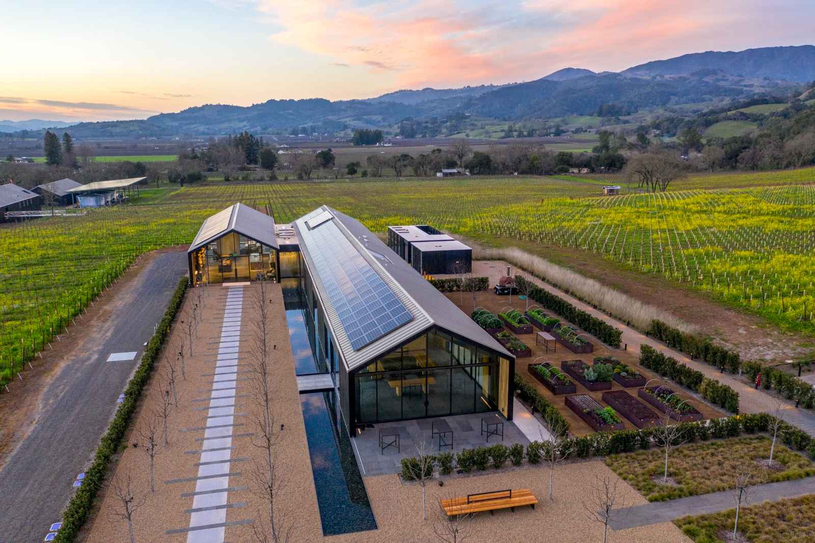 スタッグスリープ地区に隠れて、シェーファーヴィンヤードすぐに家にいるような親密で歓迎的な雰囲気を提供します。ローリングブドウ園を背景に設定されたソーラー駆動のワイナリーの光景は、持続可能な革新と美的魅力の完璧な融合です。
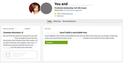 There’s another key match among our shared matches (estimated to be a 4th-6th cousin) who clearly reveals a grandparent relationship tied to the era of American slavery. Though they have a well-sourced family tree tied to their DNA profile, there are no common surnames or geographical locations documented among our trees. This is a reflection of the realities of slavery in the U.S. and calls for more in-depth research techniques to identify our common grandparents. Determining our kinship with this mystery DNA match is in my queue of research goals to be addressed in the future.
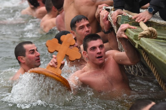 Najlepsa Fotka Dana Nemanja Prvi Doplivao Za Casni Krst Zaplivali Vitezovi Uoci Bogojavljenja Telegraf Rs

---

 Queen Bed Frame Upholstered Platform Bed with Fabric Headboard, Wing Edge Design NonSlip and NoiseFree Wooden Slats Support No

**Task goal:** Output only the lines above from the line that holds "スタッグスリープ地区に隠れて" through the line that holds "Najlepsa Fotka Dana", both ends included, and exclude pictures.

**Response area:**
 スタッグスリープ地区に隠れて、シェーファーヴィンヤードすぐに家にいるような親密で歓迎的な雰囲気を提供します。ローリングブドウ園を背景に設定されたソーラー駆動のワイナリーの光景は、持続可能な革新と美的魅力の完璧な融合です。
 There’s another key match among our shared matches (estimated to be a 4th-6th cousin) who clearly reveals a grandparent relationship tied to the era of American slavery. Though they have a well-sourced family tree tied to their DNA profile, there are no common surnames or geographical locations documented among our trees. This is a reflection of the realities of slavery in the U.S. and calls for more in-depth research techniques to identify our common grandparents. Determining our kinship with this mystery DNA match is in my queue of research goals to be addressed in the future.
 Najlepsa Fotka Dana Nemanja Prvi Doplivao Za Casni Krst Zaplivali Vitezovi Uoci Bogojavljenja Telegraf Rs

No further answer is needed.